PROBLEM TO WORK ON: Both the line below containing "1174395. SPIELKONSOLE, 2" and the line containing "闪闪的蓝钻 低调又时尚 整体白色很好搭配 属于中高帮的款式", along with every line between them, should be repeated exactly; no other line belongs in the answer.

EXERCISE INPUT:
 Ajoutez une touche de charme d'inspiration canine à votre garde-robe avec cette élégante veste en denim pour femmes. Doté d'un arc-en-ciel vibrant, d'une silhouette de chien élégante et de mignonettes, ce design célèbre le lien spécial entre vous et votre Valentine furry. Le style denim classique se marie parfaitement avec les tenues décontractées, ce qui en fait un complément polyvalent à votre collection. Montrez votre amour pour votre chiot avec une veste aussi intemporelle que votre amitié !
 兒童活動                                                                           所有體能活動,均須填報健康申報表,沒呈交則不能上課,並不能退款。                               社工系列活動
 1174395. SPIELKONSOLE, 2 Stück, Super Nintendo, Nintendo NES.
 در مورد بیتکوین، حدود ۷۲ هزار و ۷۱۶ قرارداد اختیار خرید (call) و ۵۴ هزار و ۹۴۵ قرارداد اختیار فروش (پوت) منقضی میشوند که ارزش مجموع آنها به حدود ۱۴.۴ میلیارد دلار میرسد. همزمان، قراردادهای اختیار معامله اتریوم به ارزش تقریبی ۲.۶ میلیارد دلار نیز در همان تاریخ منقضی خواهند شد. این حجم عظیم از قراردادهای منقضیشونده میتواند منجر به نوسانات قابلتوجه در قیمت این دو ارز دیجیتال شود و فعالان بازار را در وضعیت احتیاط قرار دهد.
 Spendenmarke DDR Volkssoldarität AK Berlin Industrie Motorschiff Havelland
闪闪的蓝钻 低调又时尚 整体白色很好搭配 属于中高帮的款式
* * *
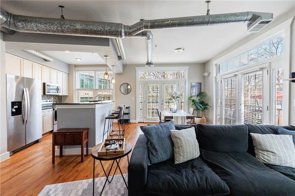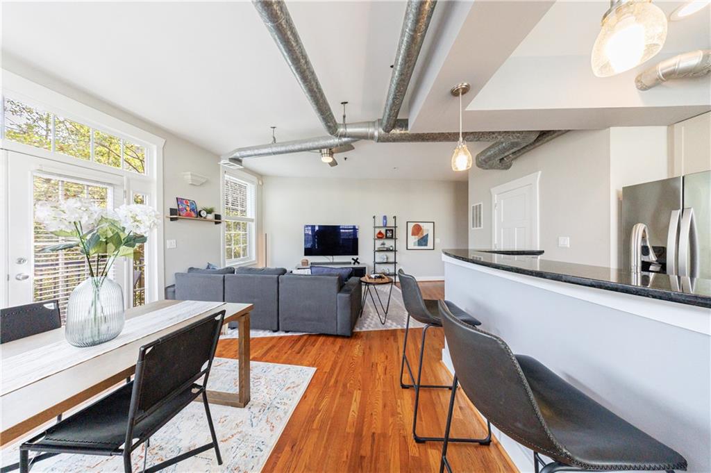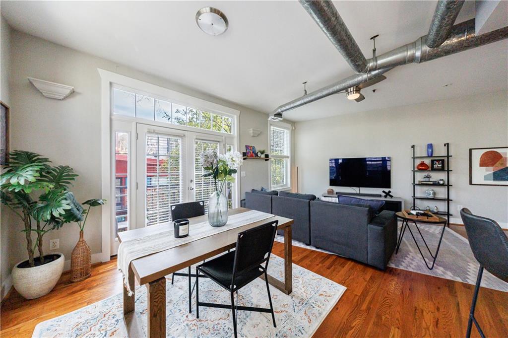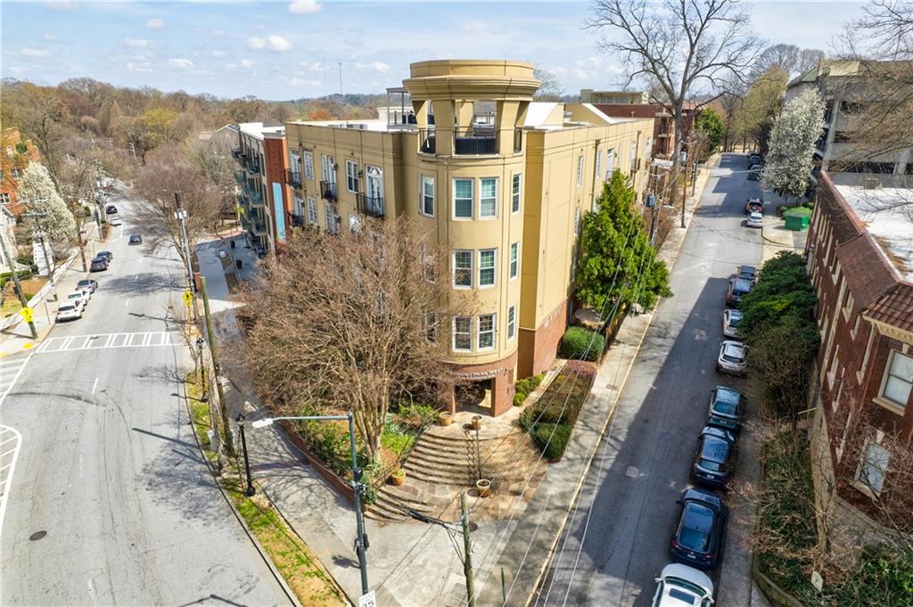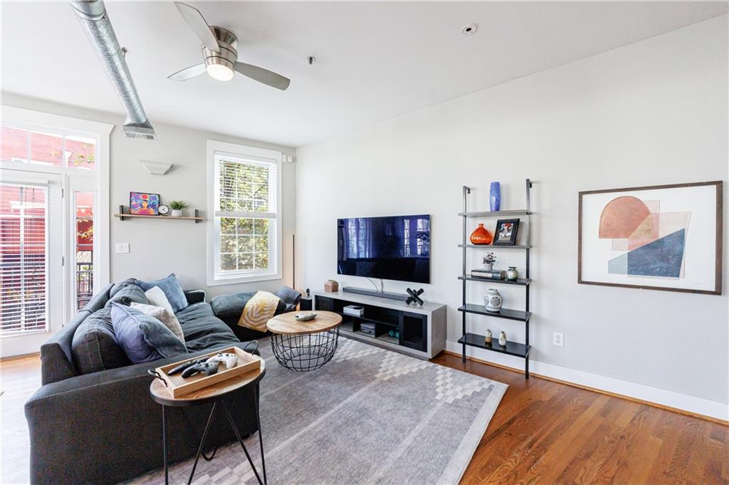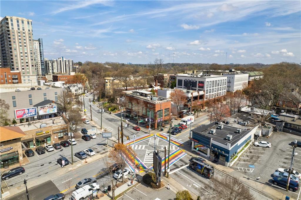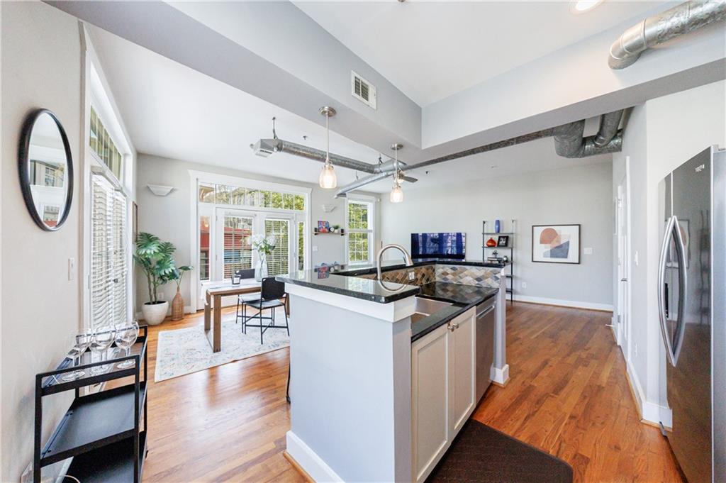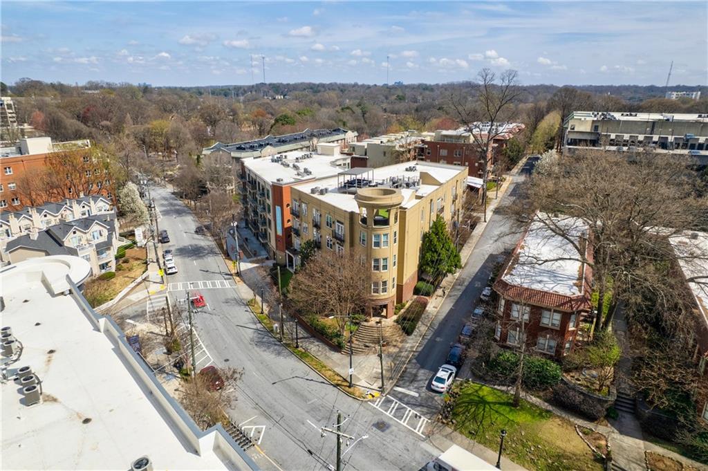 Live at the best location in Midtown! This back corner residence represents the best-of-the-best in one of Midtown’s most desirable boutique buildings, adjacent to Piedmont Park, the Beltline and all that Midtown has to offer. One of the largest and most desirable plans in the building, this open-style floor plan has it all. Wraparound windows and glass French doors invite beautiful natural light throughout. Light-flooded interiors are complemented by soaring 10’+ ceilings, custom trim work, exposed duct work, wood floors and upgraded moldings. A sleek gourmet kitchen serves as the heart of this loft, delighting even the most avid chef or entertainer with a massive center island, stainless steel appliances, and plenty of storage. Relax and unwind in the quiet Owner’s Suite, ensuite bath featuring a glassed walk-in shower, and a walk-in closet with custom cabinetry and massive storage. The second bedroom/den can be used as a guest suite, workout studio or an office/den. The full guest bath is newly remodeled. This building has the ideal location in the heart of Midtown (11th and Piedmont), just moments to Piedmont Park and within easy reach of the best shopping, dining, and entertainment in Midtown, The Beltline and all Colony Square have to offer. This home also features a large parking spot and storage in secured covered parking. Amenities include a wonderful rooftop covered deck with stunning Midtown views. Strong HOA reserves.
* * *
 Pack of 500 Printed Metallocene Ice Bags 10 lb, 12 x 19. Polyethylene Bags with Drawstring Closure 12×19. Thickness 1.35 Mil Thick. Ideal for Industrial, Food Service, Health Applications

RESULT OF THIS EXERCISE:
 1174395. SPIELKONSOLE, 2 Stück, Super Nintendo, Nintendo NES.
 در مورد بیتکوین، حدود ۷۲ هزار و ۷۱۶ قرارداد اختیار خرید (call) و ۵۴ هزار و ۹۴۵ قرارداد اختیار فروش (پوت) منقضی میشوند که ارزش مجموع آنها به حدود ۱۴.۴ میلیارد دلار میرسد. همزمان، قراردادهای اختیار معامله اتریوم به ارزش تقریبی ۲.۶ میلیارد دلار نیز در همان تاریخ منقضی خواهند شد. این حجم عظیم از قراردادهای منقضیشونده میتواند منجر به نوسانات قابلتوجه در قیمت این دو ارز دیجیتال شود و فعالان بازار را در وضعیت احتیاط قرار دهد.
 Spendenmarke DDR Volkssoldarität AK Berlin Industrie Motorschiff Havelland
闪闪的蓝钻 低调又时尚 整体白色很好搭配 属于中高帮的款式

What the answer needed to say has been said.